I immediately thought back to the horrible feeling that every cell in my body experienced days earlier and I knew then that I’d experienced the moment of death.


And if the soul is woven into the fetus from the moment of conception then it makes sense to feel the time of death of a pregnancy as such a profound loss. It was confirmed with an ultrasound at the doctor’s office that Monday morning and the words every parent dreads hearing – “There’s no heartbeat.”


In the days that followed, I learned that the shittiest thing about early pregnancy miscarriages is that you’re trying to mourn something no one could see.

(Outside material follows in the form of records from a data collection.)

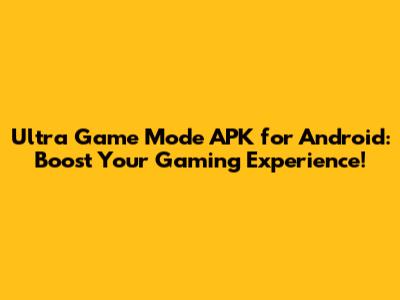 Ultra Game Mode APK: Boost Your Android Gaming!
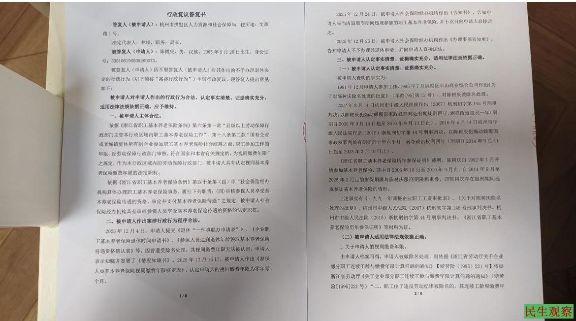 虽然这种“除名”从一定程度也反映了社会法治不健全情况下,公民个体法治意识尤其是维权意识欠缺情况下的弱势。总之,由于申请人对于自己职工权利的无知及所谓“除名”后疏于维权,也由于扣除的视同缴费年限实际只有4个月,所以在本案提出的复议请求按24年4个月的缴费年限办理养老金审定中,并没有包含这4个月的视同缴费期间。既然被申请人在《行政复议答复书》把这个问题提出来了,申请人也不妨做出补充说明并提供足以推翻“除名”事实的证据,在复议程序中如果能够对此问题做出公正解决当然最好,如果不予理会或在形式上继续认同被申请人关于本案“除名”及4个月视同缴费清零的认定,因无关本案大局,申请人愿意采取“对方不再提,我方不再究”的行为立场。
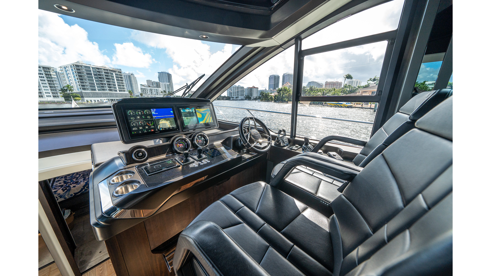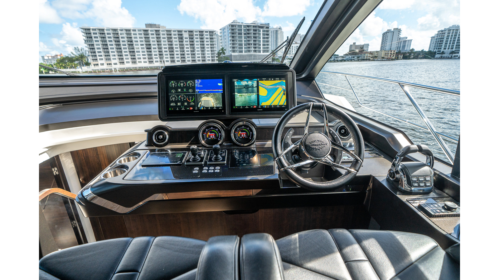 - Custom carbon-fiber dashboard with dual joystick FLIR controls, additional Garmin 743 display, and complete electronics integration
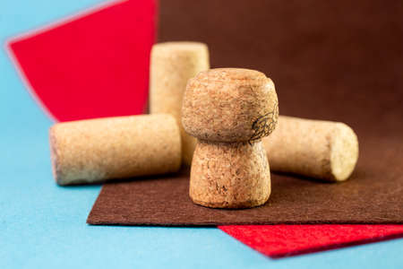 Used wine corks on sackcloth background with empty space for text. Colorful corks from white and red wine bottles
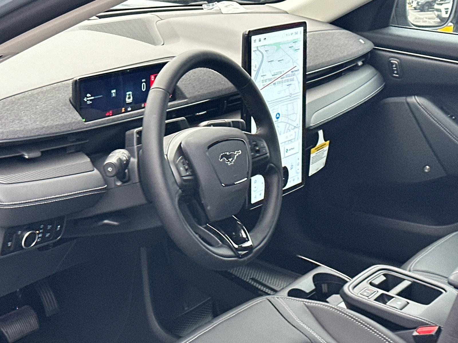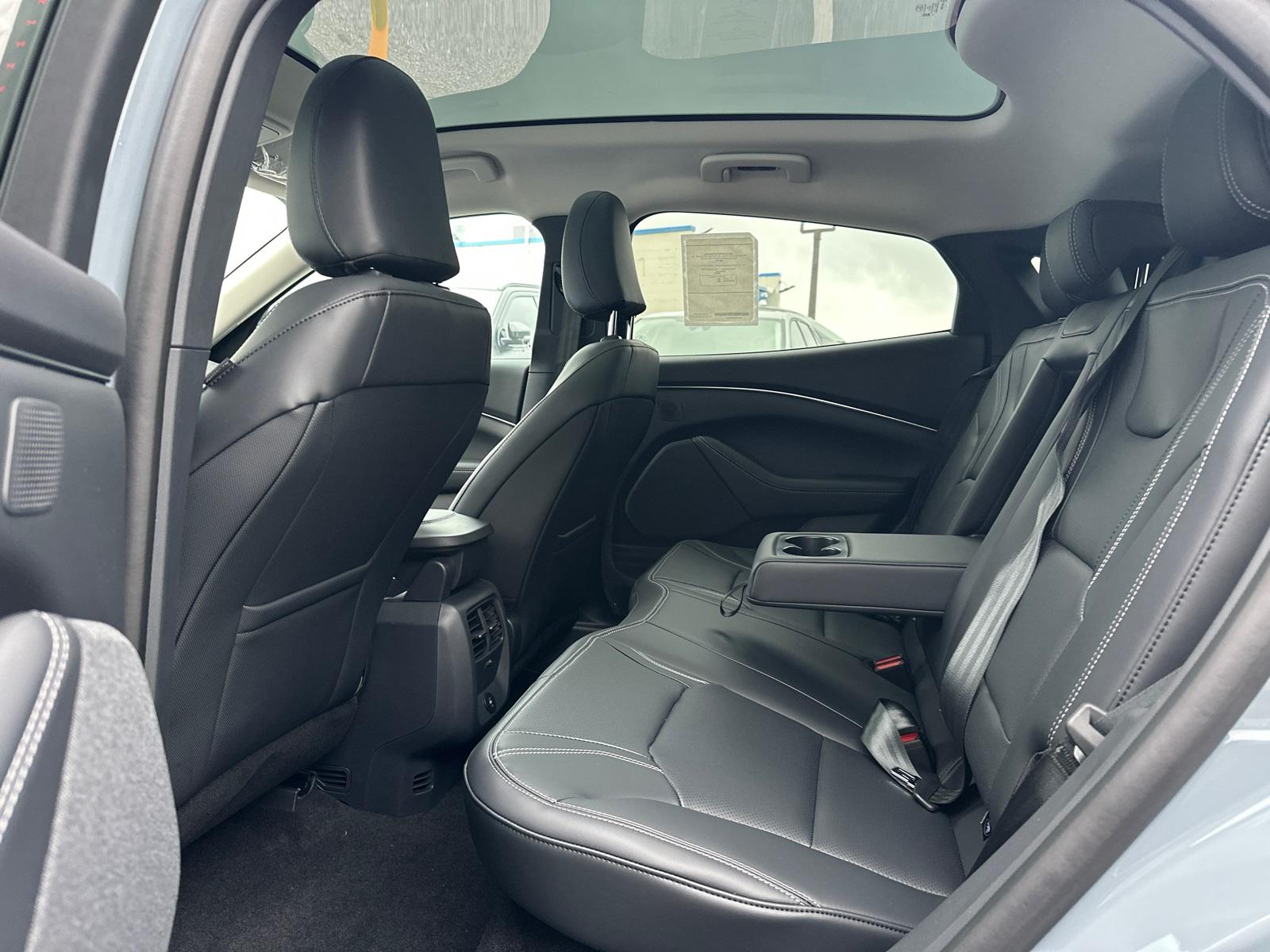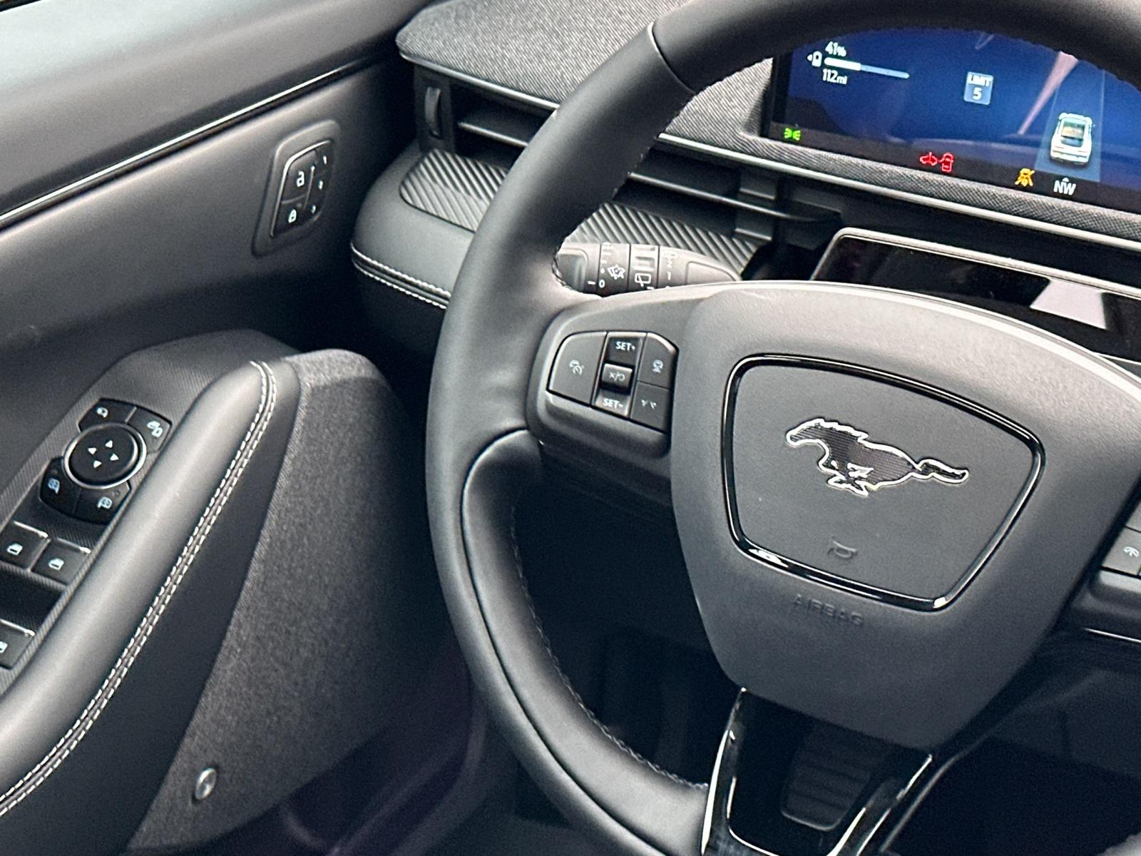 2025 Ford Mustang Mach-E PremiumEquipment Group 300A Standard Package, Ford Connectivity Package (One-Time Purchase) (Cellular Connectivity for Audio/Video Streaming), 10 Speakers, 4-Wheel Disc Brakes, ABS brakes, Air Conditioning, Alloy wheels, AM/FM radio: SiriusXM with 360L, Apple CarPlay/Android Auto, Auto High-beam Headlights, Auto-dimming Rear-View mirror, Automatic temperature control, BlueCruise Equipped (1-Year Plan), Brake assist, Bumpers: body-color, Compass, Delay-off headlights, Driver door bin, Driver vanity mirror, Dual front impact airbags, Dual front side impact airbags, Electronic Stability Control, Emergency communication system: 911 Assist, Exterior Parking Camera Rear, Four wheel independent suspension, Front anti-roll bar, Front Bucket Seats, Front Center Armrest, Front dual zone A/C, Front License Plate Bracket, Front reading lights, Fully automatic headlights, Garage door transmitter, Heated door mirrors, Heated front seats, Heated steering wheel, Heated/Ventilated Perforated ActiveX Bucket Seats, Illuminated entry, Knee airbag, Low tire pressure warning, Memory seat, Mobile Power Cord (120V/240V), NACS Fast Charging Adapter, Navigation system: Connected Navigation, Occupant sensing airbag, Outside temperature display, Overhead airbag, Overhead console, Panic alarm, Panoramic Fixed-Glass Roof, Passenger door bin, Passenger vanity mirror, Power door mirrors, Power driver seat, Power Liftgate, Power passenger seat, Power steering, Power windows, Radio data system, Radio: B&O Sound System by Bang & Olufsen, Rain sensing wipers, Rear anti-roll bar, Rear seat center armrest, Rear side impact airbag, Rear window defroster, Rear window wiper, Remote keyless entry, Security system, SiriusXM w/360L, Speed control, Speed-sensing steering, Speed-Sensitive Wipers, Split folding rear seat, Spoiler, Steering wheel mounted audio controls, SYNC 4A w/Enhanced Voice Recognition, Telescoping steering wheel, Tilt steering wheel, Tire Inflator & Sealant Kit, Traction control, Trip computer, Turn signal indicator mirrors, Variably intermittent wipers, Ventilated front seats, and Wheels: 19" Bright Machined-Face Aluminum.
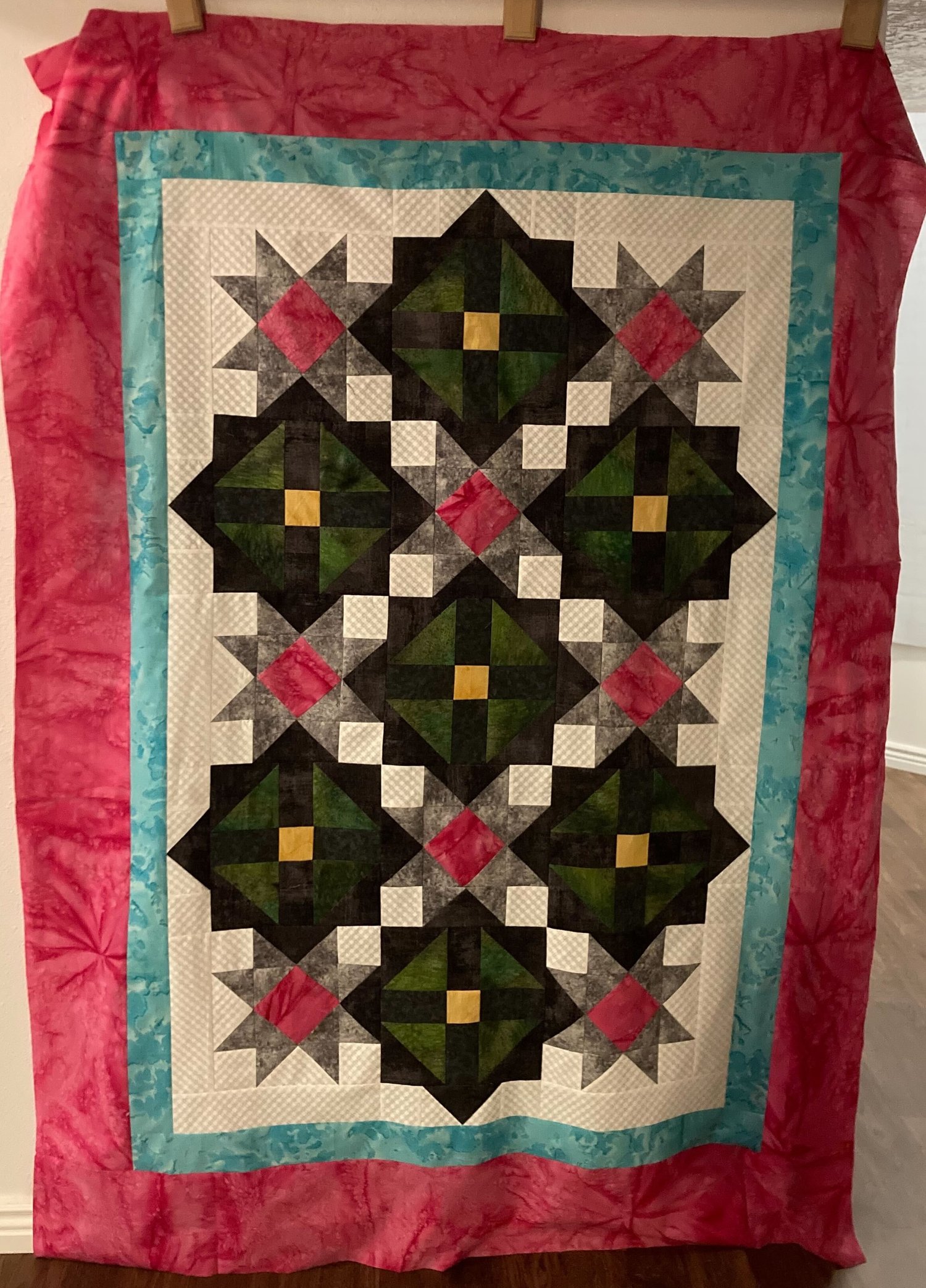 Combine two different blocks for an interesting look. Change up the fabrics to change the look you end up with. I use Deb Tucker's Studio 180 Design® Wing Clipper 1 and Tucker Trimmer 1®, but I give instructions how to make the blocks without the rulers. You can use a border print for a mitered border, or two fabrics for straight borders, instructions are included for both ways.
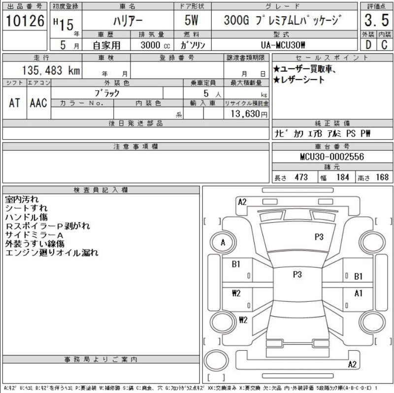 | Special Notes: 3000cc, PS, PW, Airbag,Power seats(driver),Leather Seats,NAVI |
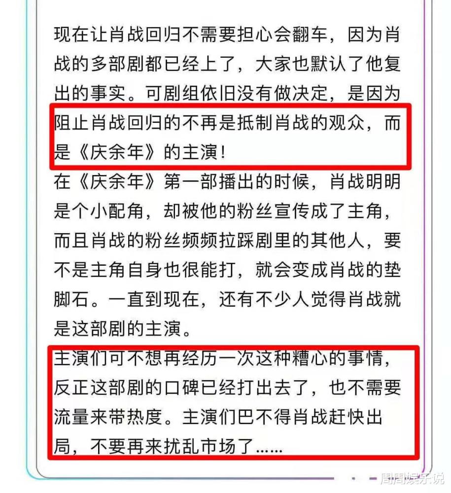 肖战的角色承先启后,但究竟是否非他不成,除了粉丝之外的多数人包括主演们,对这个并没有执念,甚至肖战的个人热度会盖过电视剧,所以还是希望能维持市场平衡,不要让个人大过剧集本身。
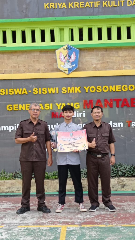 “Alhamdulillah tiga tahun berturut-turut SMK Yosonegoro meraih juara di Lomba Kompetensi Siswa tingkat provinsi bidang mechanical engineering CAD, dan insyaallah akan melaju di tingkat nasional,” ujar Triadmo Budi Prasetyo.
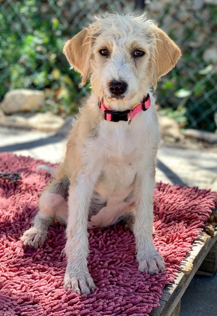 Der kleine Sonnenschein wurde am 21.04.2018 geboren und ist 46cm groß. Manani verträgt sich mit allen: Ob Hund, ob Katze - hier macht sie keinen Unterschied. Kinder mag die Kleine gerne. Manani eine offene und an allem interessierte Hündin.
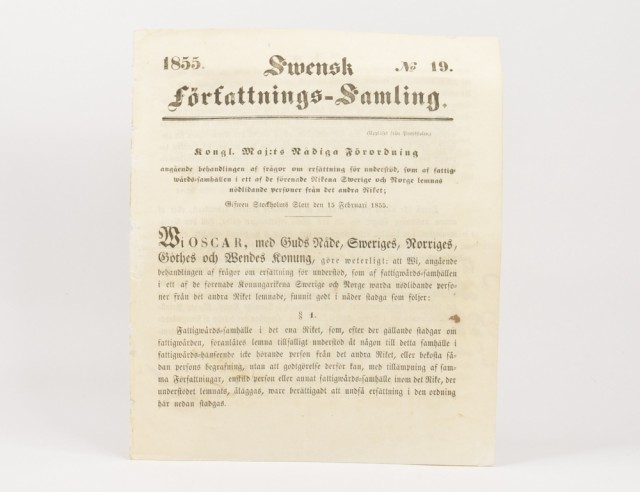 Swensk författnings-Samling. No 19. 1855.
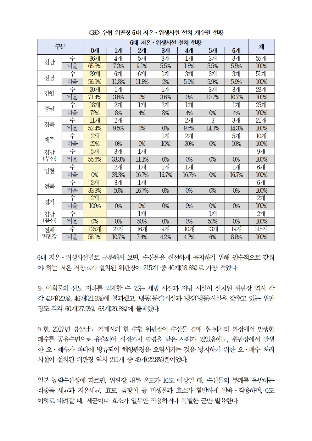 [문대림 의원 보도자료 - 수협] 위생 사각지대 수협 위판장 215개 위판장 중 6대 저온·위생시설 1개도 없는 위판장 125개.hwp
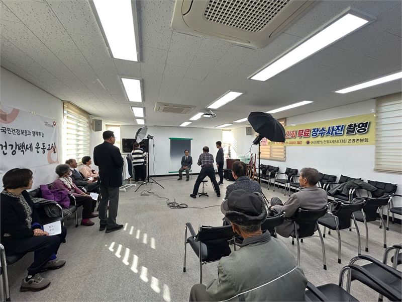 대한노인회 사천시지회 곤명면분회는 전문 사진작가인 노명섭 경상국립대 사진아카데미 강사의 도움으로 65세 이상 어르신 100여 명의 장수사진을 촬영했다.
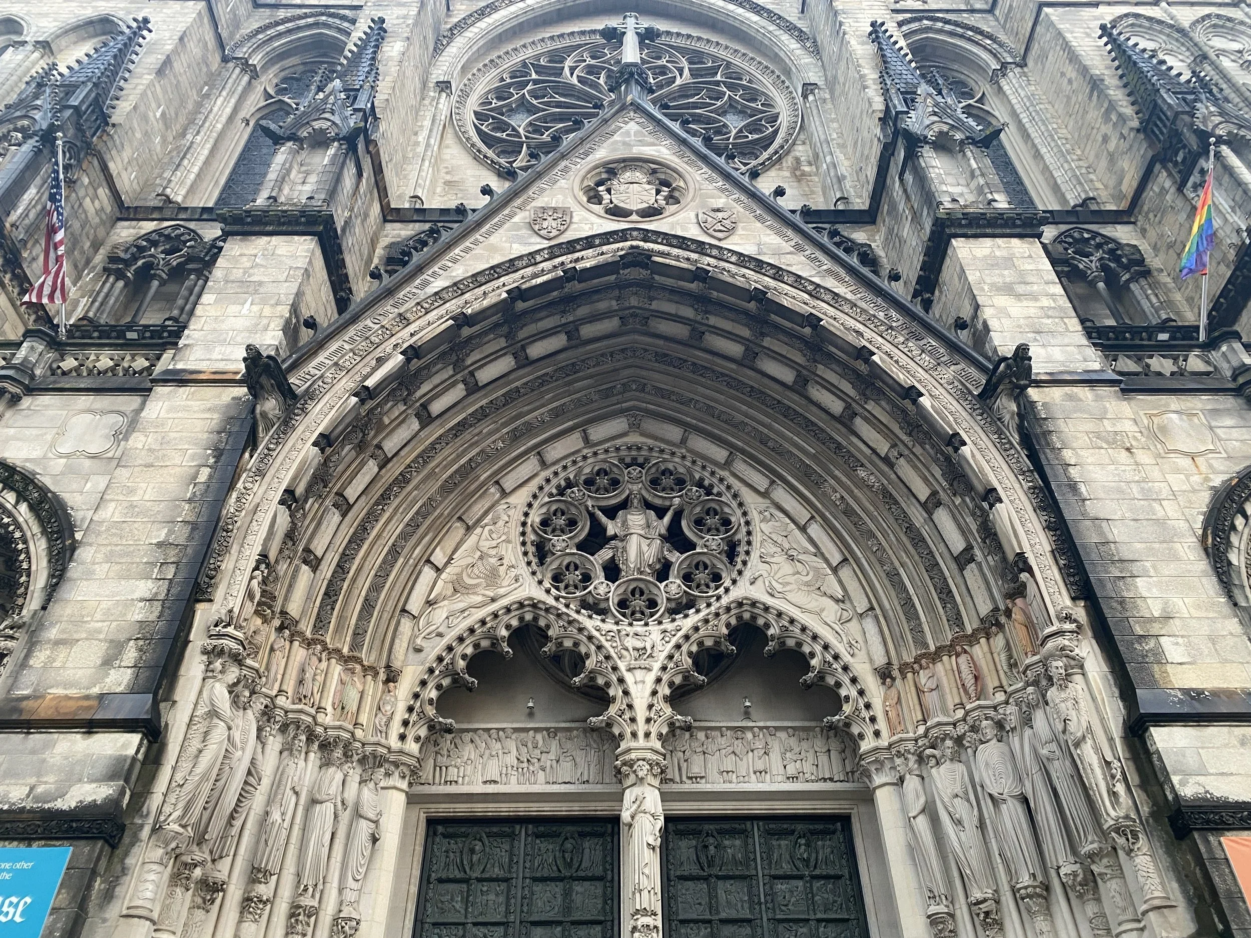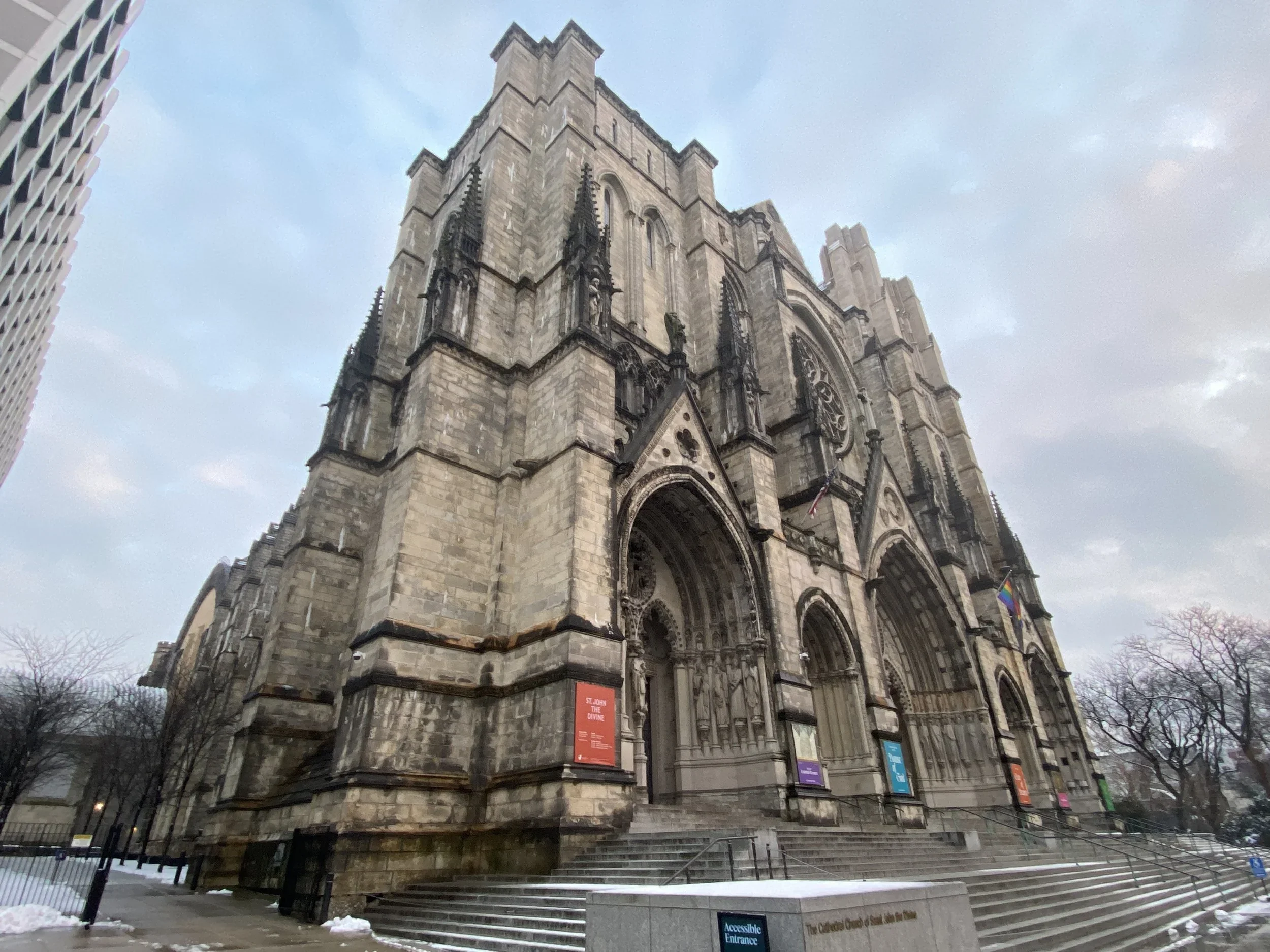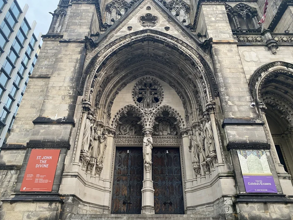 The Cathedral Church of St. John the Divine has been under construction since 1892 and is still not complete. The west facade, the massive rose window and the towers rising from it, is the most finished part. The interior nave, extended by Cram in the early 20th century, is proportionally one of the longest in the world; the crossing tower was never built, giving the building a strange, truncated silhouette that declares, from every angle, that it is still in process. It is the most prominent unfinished thing in New York, which is itself a city of unfinished things, and the unfinishedness is not accidental or merely a matter of funding. It is the building's honest condition.
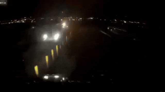 在视频中,卡车正在向南行驶,突然,一辆白色轿车在北向车道上失控旋转并越过中心线,撞上了卡车的前部。

There was no substance, no personality, no real proof that this life even existed save for a positive hCg count on a blood test and a urine test with a really, really faint result. Outwardly, nothing is wrong with the mother. The doctor examines her and tells her that her body will take care of it. The body is an incredible machine, especially its ability to function and walk around on this earth even while it’s repairing deep wounds from things no one can see.


It’s been more than twenty years since that happened to me. A little life experience has taught me that many things die; that the moment of death is not exclusive to the loss of life. Endings can be felt; the smallest shift in the weight of a word, the finality of silence, the severing of a connection that seems like a lifeline. And the human body- it is amazing. The heart will keep beating no matter how broken it is.